После этого я вызвалась проводить Ватару до того места, где наша улочка выходила на проспект, желая хотя бы несколько минут побыть с ним наедине. Снег, падавший весь день, к этому времени уже прекратился. Ступая по тонкому белому покрывалу, мы пошли вдоль по улочке. Дойдя до проспекта, остановились на углу, в тени большого телеграфного столба. Я подняла голову, чтобы поцеловать Ватару на прощанье, но неожиданно в этот момент прямо перед нами резко затормозил чей-то велосипед. С велосипеда, напуганная внезапной встречей, слезла знакомая мне девочка-старшеклассница, которая жила в доме на углу.

Отпрянув от Ватару, я нарочито громким голосом произнесла: «Добрый вечер», — на что девочка, с любопытством глядя то на меня, то на Ватару, сумела ответить лишь: «Привет».

Потом из рассказа этой девочки выяснилось, что наша с ней встреча произошла в девять часов с минутами. В тот день она была в гостях у своей бабушки, живущей неподалеку, а вечером ей нужно было обязательно посмотреть очередную серию какой-то мыльной оперы, которая начиналась в девять часов. Однако она не решилась сказать бабушке, что хочет посмотреть телевизор, поскольку та считала, что телевидение для детей вредно. Поэтому девочка поспешила вернуться домой, чтобы успеть к началу сериала. Согласно ее показаниям, домой она вернулась примерно в девять… ну, даже если и чуть позже, то на одну-две минуты, не больше.

Для следствия было очень важно выяснить, действительно ли четырнадцатого декабря Ватару до девяти часов вечера находился в доме моей тетки в четвертом северном квартале, поскольку в дальнейшем именно это алиби позволило дать правильную оценку его «чистосердечным признаниям».

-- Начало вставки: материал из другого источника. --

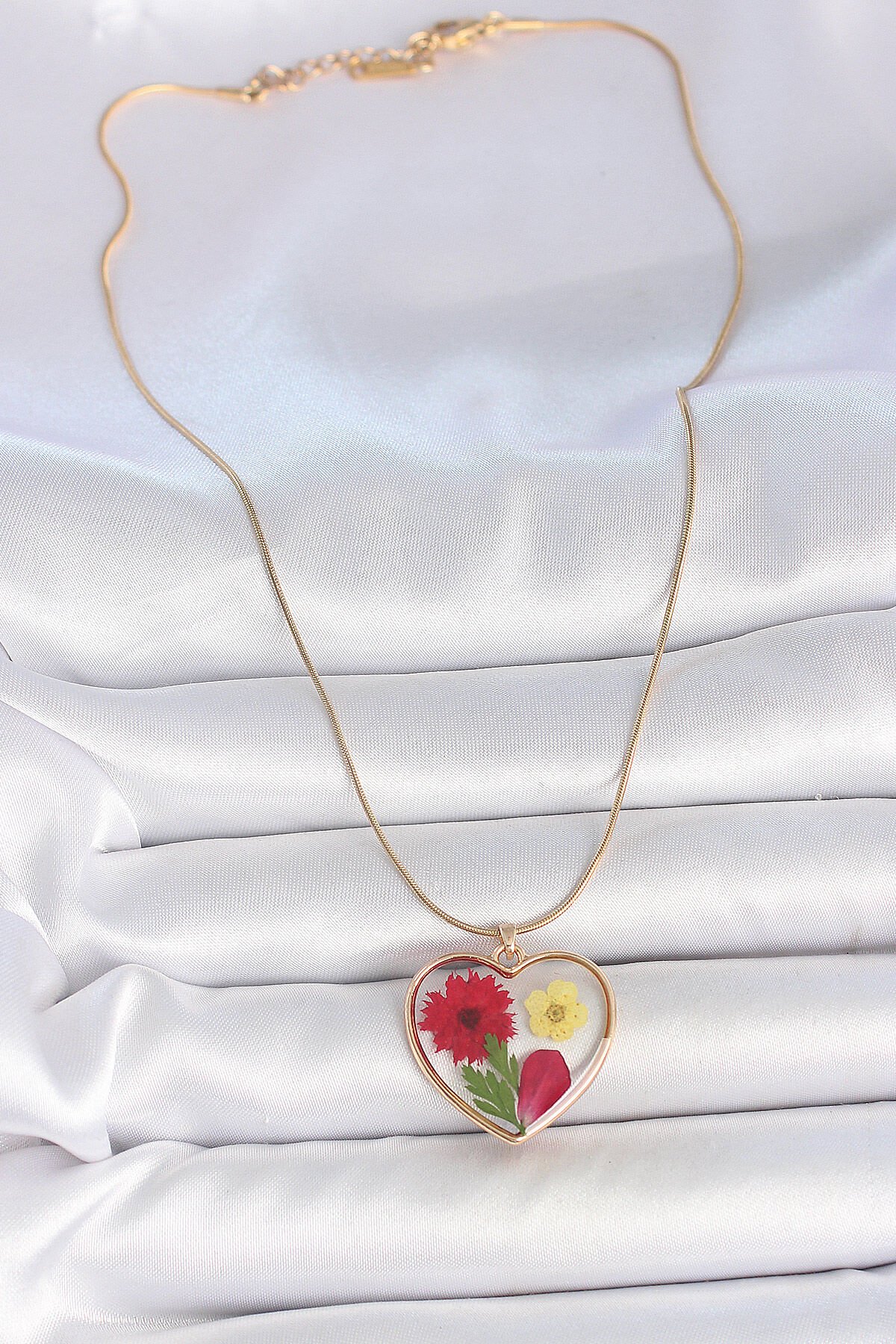 316L Çelik Gold Renk Zincir Epokis Kalp Doğal Çiçek Model Kadın Kolye
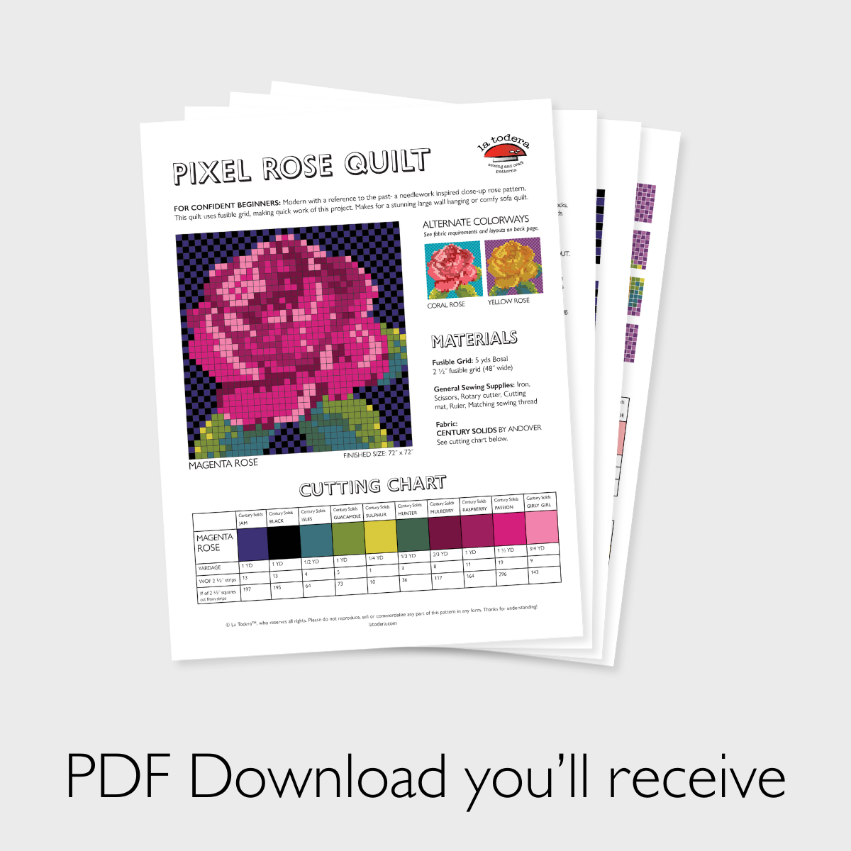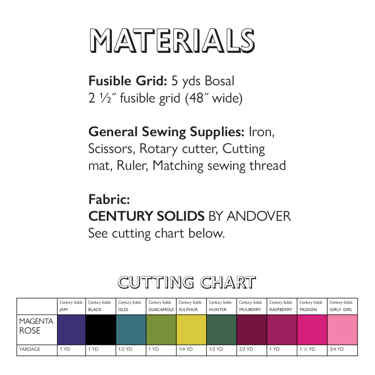 Modern with a reference to the past-a needlework inspired close-up rose pattern. This quilt uses Bosal’s Craft and Quilt 2 1/2 fusible grid, making quick work of this project. This grid is especially light and flexible- the finished quilt not only has perfectly matching seams, but is light and drapes beautifully! Finished size of 72˝ x 72˝ makes for a stunning large wall hanging or comfy sofa quilt.
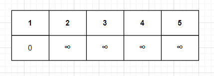 최단 거리 값을 저장하기 위한 배열을 만든다. 출발 노드는 0, 나머지 노드는 매우 큰 값으로 초기화한다.
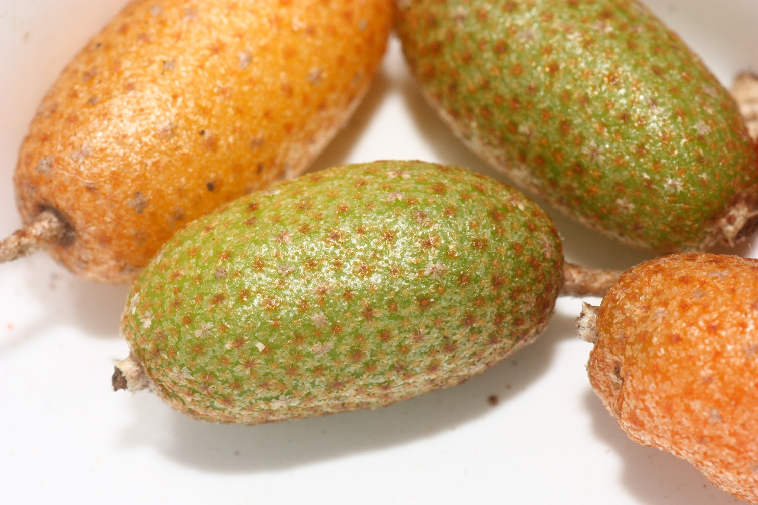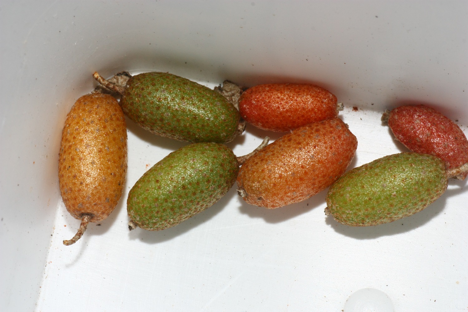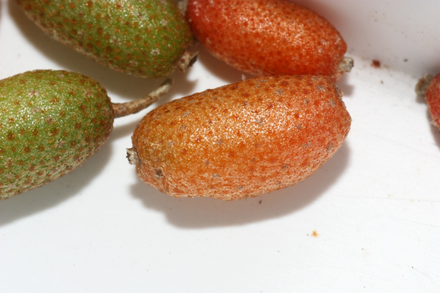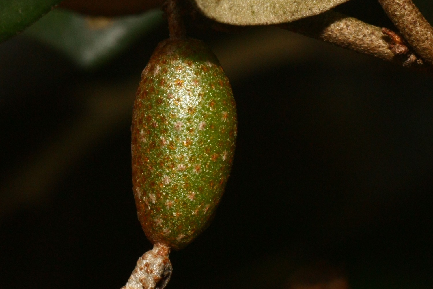 台灣胡頹子的果實長橢圓形,表面的鱗片白中帶褐色,與椬梧不同,
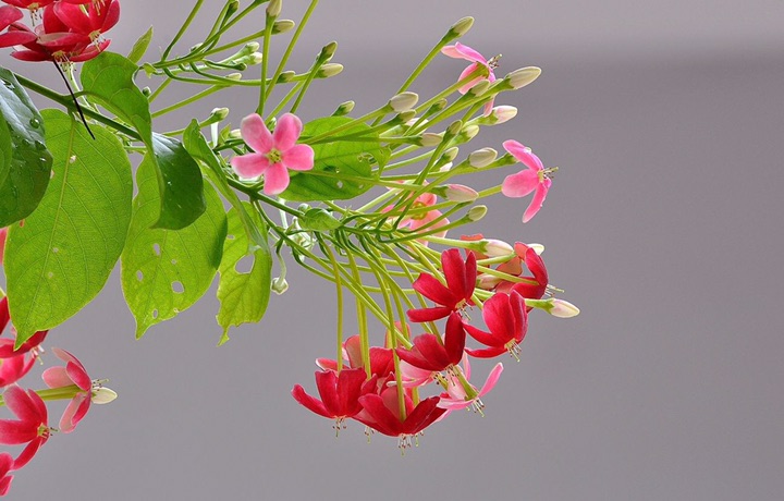 使君子,别名:舀求子、史君子、四君子,(学名:Quisqualis indica Linn.)是使君子科、使君子属攀援状灌木,高2-8米;小枝被棕黄色短柔毛。叶对生或近对生,叶片膜质,卵形或椭圆形,先端短渐尖,基部钝圆,表面无毛,背面有时疏被棕色柔毛,幼时密生锈色柔毛。顶生穗状花序,组成伞房花序式;苞片卵形至线状披针形,被毛;具明显的锐棱角5条,成熟时外果皮脆薄,呈青黑色或栗色;白色,圆柱状纺锤形。花期初夏,果期秋末。种子为中药中最有效的驱蛔药之一,对小儿寄生蛔虫症疗效尤著。
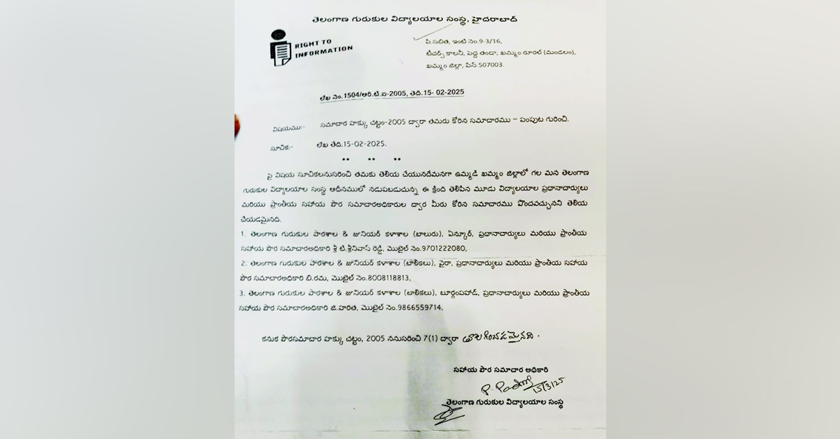 దానికి ఓ నెలరోజుల తర్వాత సరిగ్గా మార్చి 15వ తేదీన అధికారులు జవాబు ఇచ్చారు. ఉమ్మడి ఖమ్మం జిల్లాలోని మూడు తెలంగాణ గురుకుల పాఠశాలలు, కళాశాలలు ఏన్కూరు, వైరా, భద్రాద్రి కొత్తగూడెం జిల్లా బూర్గంపాడు ప్రధానా చార్యుల (ప్రాంతీయ సహాయ సమాచార అధికారులు) పేర్లు, వారి ఫోన్ నంబర్లు ఇచ్చి.. వారి ద్వారా సమాచారం పొందొచ్చని దరఖాస్తుదారుకు ప్రత్యుత్తరం పంపారు. పౌరసమాచార హక్కు చట్టం, 2005ను అనుసరించి7(1) ద్వారా దరఖాస్తును తొలగించినట్టు దానిలో పేర్కొన్నారు.
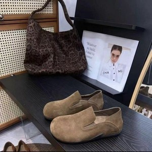 英伦风低跟小皮鞋2025年秋季新款一脚蹬乐福鞋深口单鞋女休闲女鞋
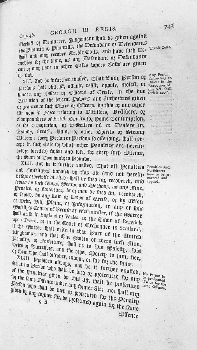 - This is a printed excerpt from Chapter 46 of an Act of King George III relating to excise regulations, spirits, and distillation. It sets forth penalties for obstructing excise officers (£200), procedures for recovering penalties and forfeitures, and provisions against double prosecution for the same offence.
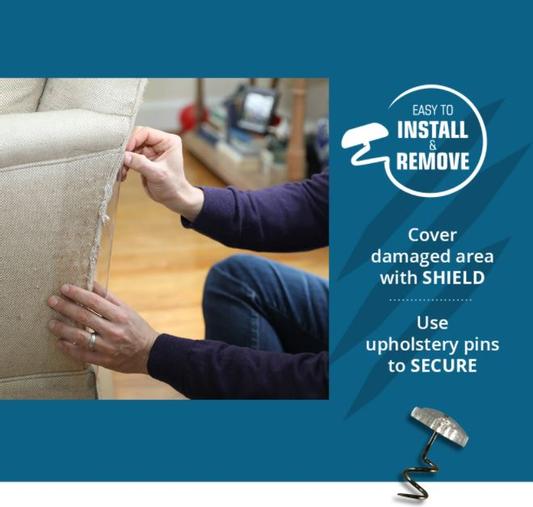To attach the pins to your upholstery, simply twist pins to firmly lock the protective barrier in place. Easily twist the pin to lock securely into fabric and counter twist to remove. No damage to furniture and no sticky residue. Please refer to the pictures below for reference.
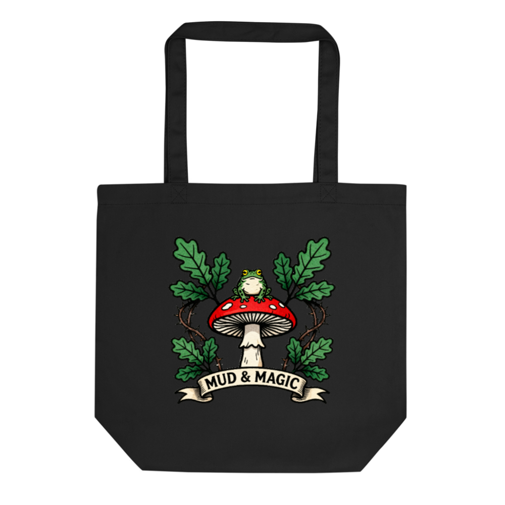 Handcrafted eco-friendly black tote bag featuring a whimsical frog perched atop a red-and-white mushroom, surrounded by oak leaves and thorny vines. The ‘Mud & Magic’ banner adds enchanting charm. Made with sustainable materials for everyday use—lightweight, durable, and perfect for shoppers who love nature-inspired art. Ideal for groceries, books, or as a thoughtful gift.
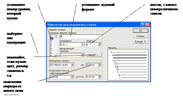 Что бы создать многоуровневый список, после выделения строк выберите команду Формат – Список – Многоуровневый и выберите стиль списка из предложенных вариантов. Если из предложенных вариантов нет ничего подходящего, то нажмите Изменить и следуйте рекомендациям (рис. 36).
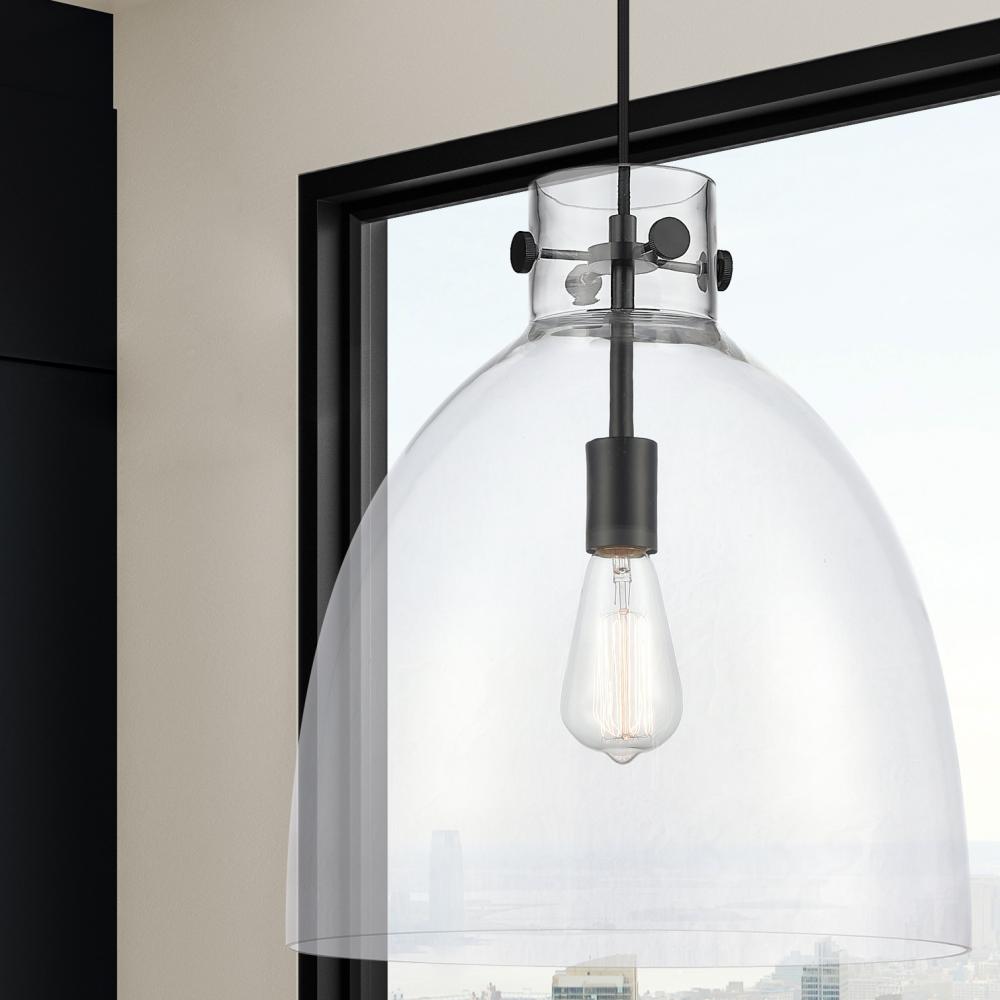 Newton Bell - 1 Light - 14 inch - Matte Black - Clear Shade - Cord hung - Pendant
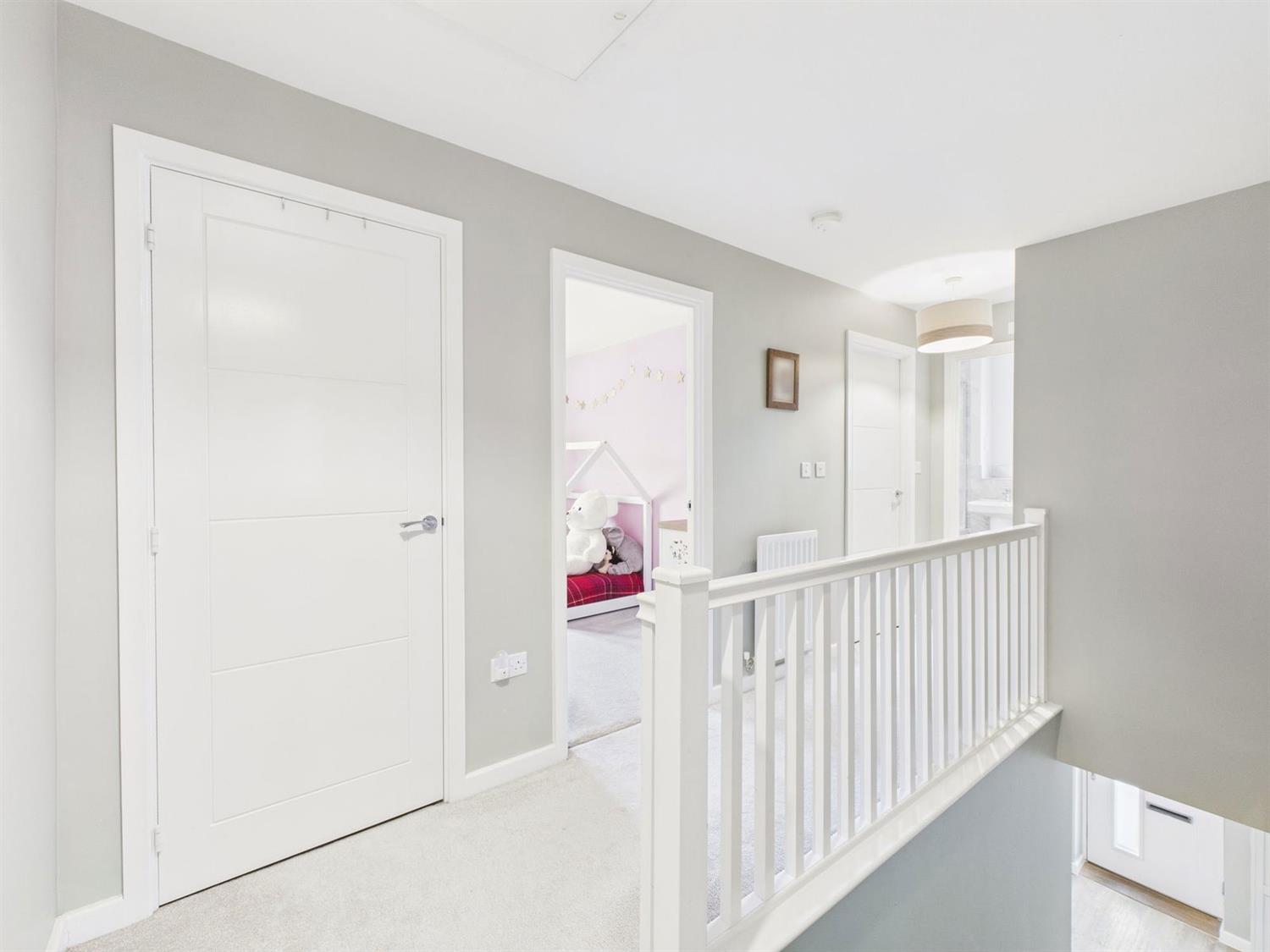 first floor landing, which has a large storage cupboard with shelving and hanging space. There is a radiator, loft hatch, and doors to all rooms.
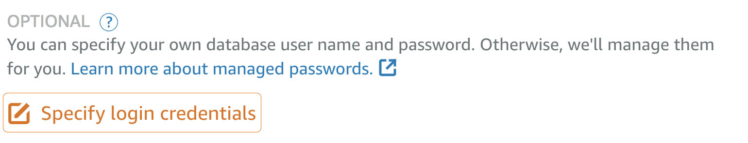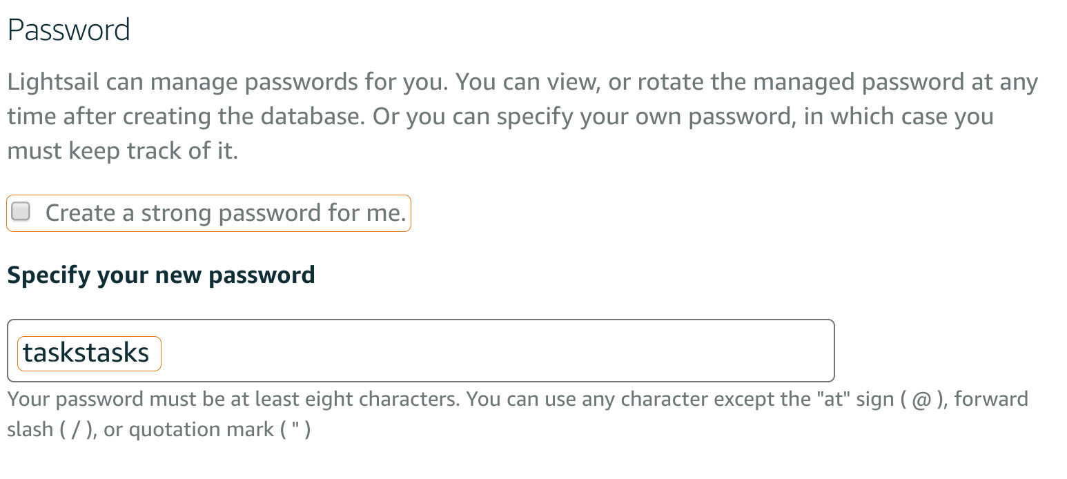 By default Lightsail will create a strong password for you. However this password can contain characters that making copying and pasting difficult, so for this lab we’re going to specify a password. To do this first click Specify login credentials
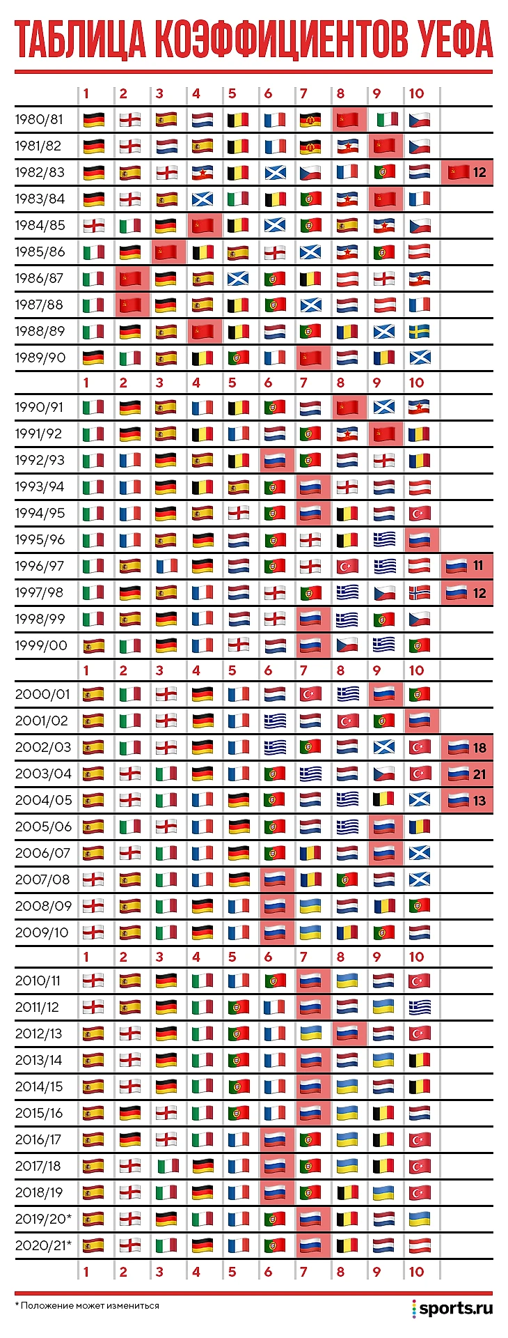 Коэффициенты УЕФА появились 40 лет назад. Россия ни разу не поднялась выше 6-го места, а СССР пару сезонов был вторым

Тело Эмы было обнаружено утром пятнадцатого декабря, в углу двора на территории храма Риннодзи. Первым ее увидел настоятель храма, который тут же сообщил о случившемся в полицию. В момент обнаружения Эма лежала под деревом, лицом вверх, и ее руки были скрещены на груди. Подол плиссированной юбки в шотландскую клетку аккуратно расправлен, глаза закрыты. Настоятель в первый момент подумал, что кто-то выбросил нового манекена — настолько опрятным выглядело ее тело. Рядом с ней лежала сумочка, в которой был набор косметики, кошелек красного цвета, футляр для проездного, носовой платок, жевательная резинка и разные мелочи. При этом в футляре для проездного никакого проездного не было, а вместо него было вставлено удостоверение студентки женского колледжа М, несколько отрывных билетов на автобус и клочок бумаги с записанными на нем телефонными номерами. Это был номер «Сэнгэндо», где жила Сэцуко Домото, номер телефона моей тетки и несколько номеров институтских приятелей и бывших одноклассниц.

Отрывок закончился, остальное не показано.